Artículo publicado ayer, 20/04/2010, en el diario La Provincia/DLP
DE TODO UN POCO
Donina Romero
ACARICIAR A UN NIÑO HOY, UN PELIGRO
Este artículo no va sobre las aberraciones que presuntamente se producían en la escuela de kárate de Vargas, porque entre otras cosas no encuentro calificativos para presuntas tamañas canalladas. Lo de hoy es otra historia. Me produce una honda tristeza reflexionar sobre este tema tan espinoso, pero considero una obligación por mi parte hacer hablar al silencio sobre el peligro de demostrar públicamente amor a los niños. Quizá alguien piense que no hay que darle excesiva importancia a este asunto, pero a mí me estremece las aristas del alma y me rompe el corazón el hecho de que cuando los adultos estamos bajo los efectos de la ternura hacia los niños, tengamos que tener la precaución de no excedernos en esa sana ternura porque tal conducta cariñosa puede sorprender y hacer malpensar a quien desde lejos observa tal muestra de cariño.
Hace unos días, en la sala de espera de una consulta médica, un abuelo casi octogenario cuidaba de su nietecillo de unos cuatro años. El crío, juguetón e inquieto como todos los peques, no paraba de moverse correteando por la sala, pero entre tanta sacudida de energía de vez en cuando se iba hacia el abuelo, se subía a sus rodillas y entre risas le tiraba de las gafas y de la corbata mientras el embobado abuelo lleno de afecto, de amor, de casi devoción hacia aquel pequeñuelo que hacía sus delicias y le tenía robado el corazón, le besaba repetidamente y le abrazaba con tal ternura que hizo revivir el espíritu a todos los que nos encontrábamos en la consulta. Servidora ejerzo de abuela muy besucona y entendía tal demostración.
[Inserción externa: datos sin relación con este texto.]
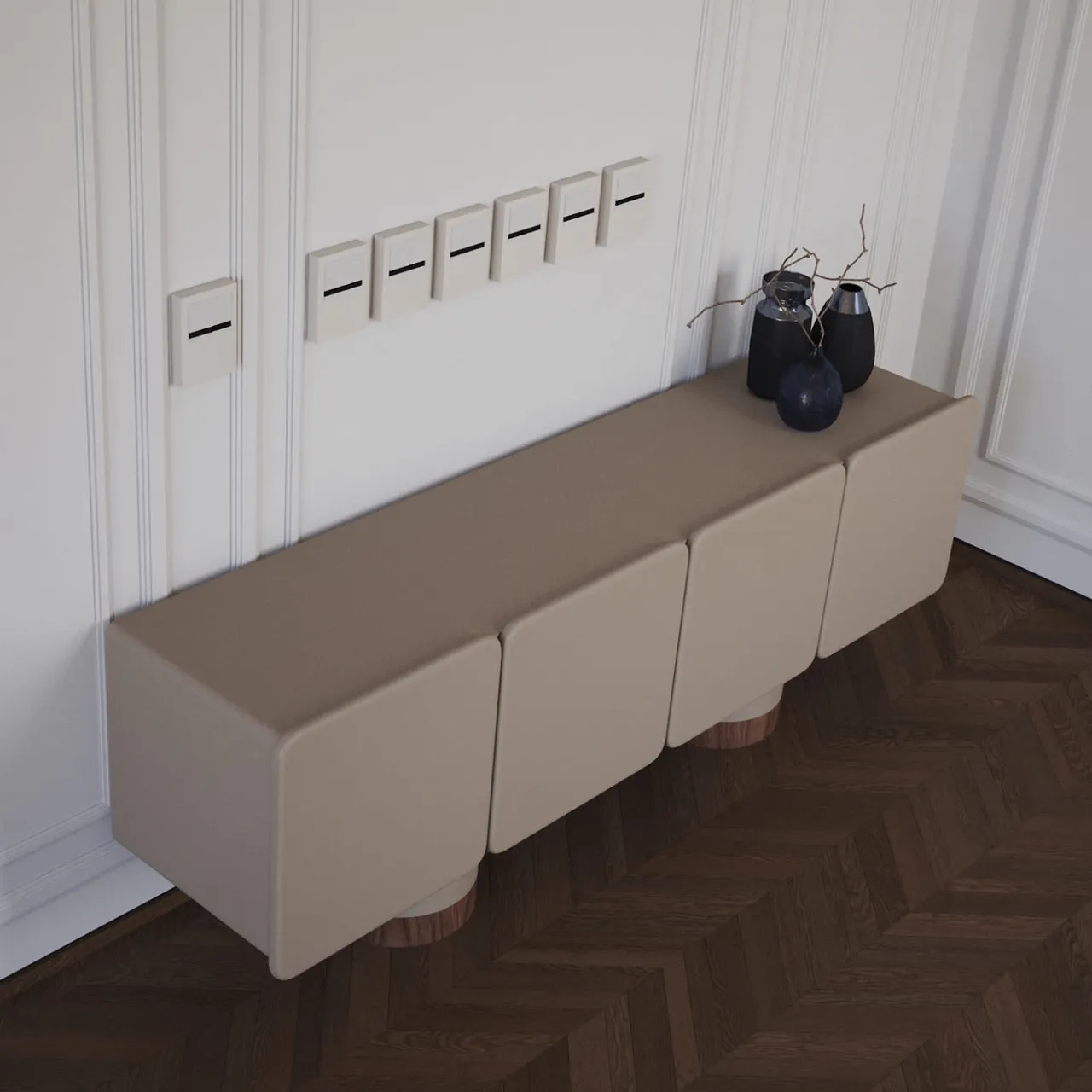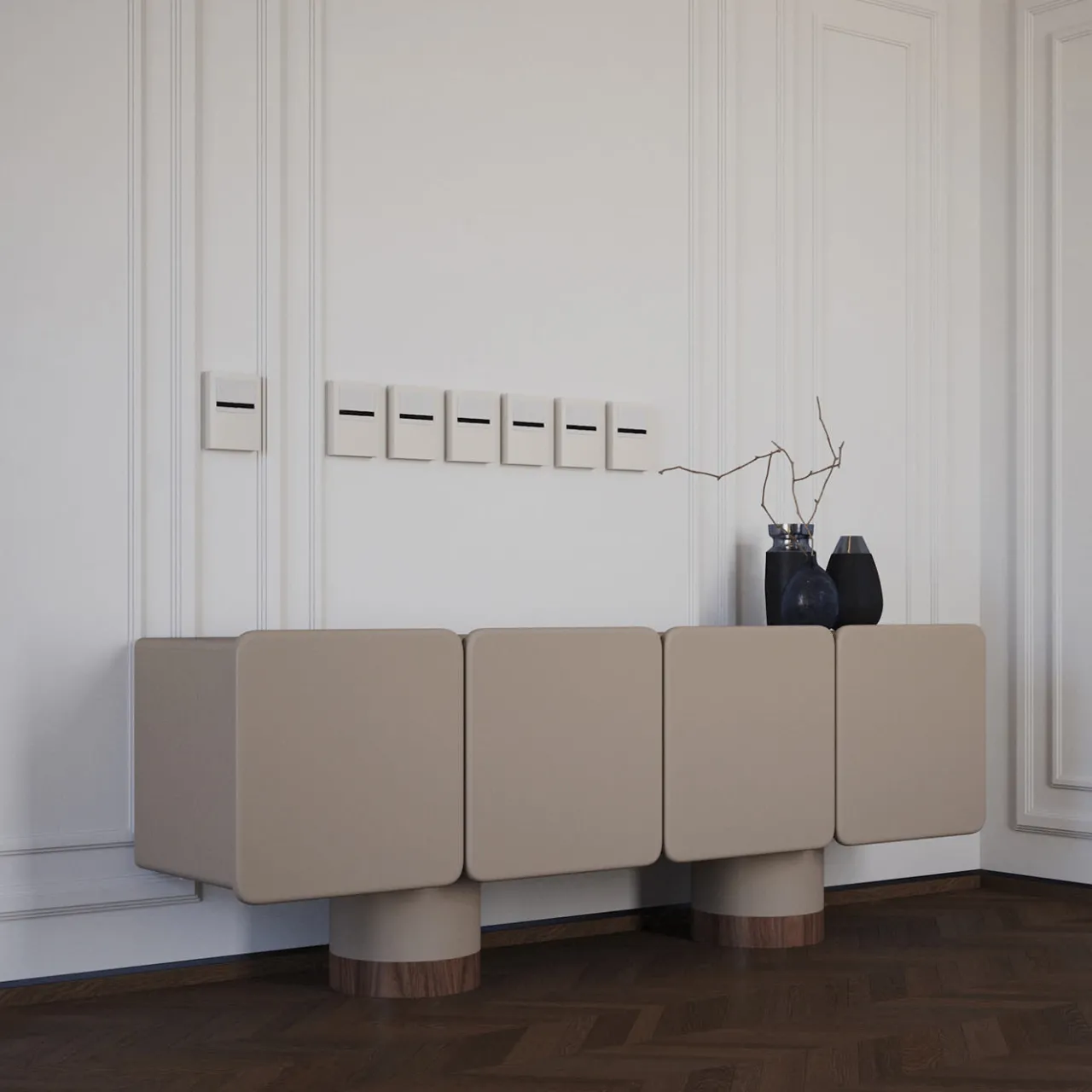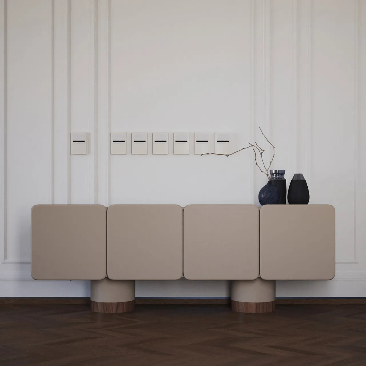 Questa elegante credenza è caratterizzata da quattro ante arrotondate con cerniere a chiusura ammortizzata e due eleganti gambe rotonde presentate in finitura laccata opaca e Noce Canaletto. Il suo design comprende frontali e angoli splendidamente arrotondati, che aggiungono un tocco di raffinatezza arricchito anche dal cassetto interno e dai ripiani in Noce Canaletto. La finitura laccata grigio opaco conferisce un aspetto liscio e moderno.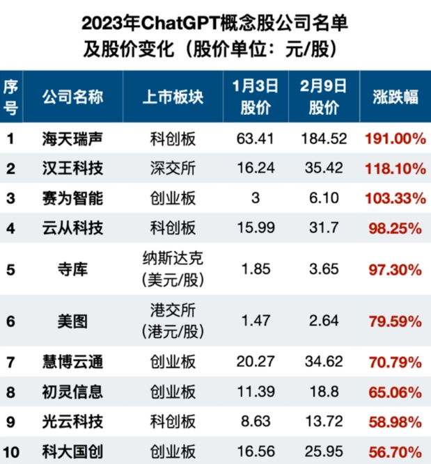 國內(nèi)ChatGPT概念股前十企業(yè)1月3日-2月9日漲幅

Saliendo de allí y contándole la emotiva escena a un amigo, me comentó en un inequívoco tono de temor que aquel abuelo había cometido una imprudencia, pues tal demostración de carantoñas podía dar a entender un desvío hacia otras arenas movedizas, hacia otras tendencias, confundiendo la visión. Solté mi enojo al oír tal desconfianza y no evité exponerle con cierto mal humor mi opinión sobre tan desequilibrada sentencia. De camino a casa me pregunté por qué la sociedad estaba remando contra corriente, y por qué hace que se quemen las ilusiones de acariciar abiertamente a un niño sin que caiga la sospecha, terrible sospecha, de la pederastia. Entiendo que hoy, y como está el patio, la precaución nunca es una acción que hayamos que lamentar, y que de ciertas cosas hay que huir y dejarlas de lado para que no nos afecten, pero no encaja en mi cabeza que esta sociedad nuestra mire con ojos turbios, se ponga nerviosa o le entre un alud de malos y equivocados pensamientos porque un abuelo, un amigo, un tío, prodigue arrumacos públicamente a estas maravillosas criaturas.
Sé que es una situación difícil, y también que es algo que no debería sorprenderme porque estas son hoy las reglas sociales y hay que saber evitar ciertas formas de comportamiento, pero creo que dar y recibir calor humano es perfectamente conciliable y no es de recibo exigir a los adultos una esterilidad emocional porque creo que el cobijo del amor, sea o no notoriamete, es tan necesario como el aire que respiramos. Y creo también que esta exigencia entristece y fatiga el organismo, perturbando de algún modo este maravilloso como difícil juego que es el vivir. La querencia pública a un niño se ha convertido hoy en el precipicio del miedo, y se ha apoderado de una sociedad que se ha sumergido con pesimismo en estos desatinados pensamientos, sin darse cuenta de que sin una demostración de amor no somos nadie. Qué pena, penita, pena…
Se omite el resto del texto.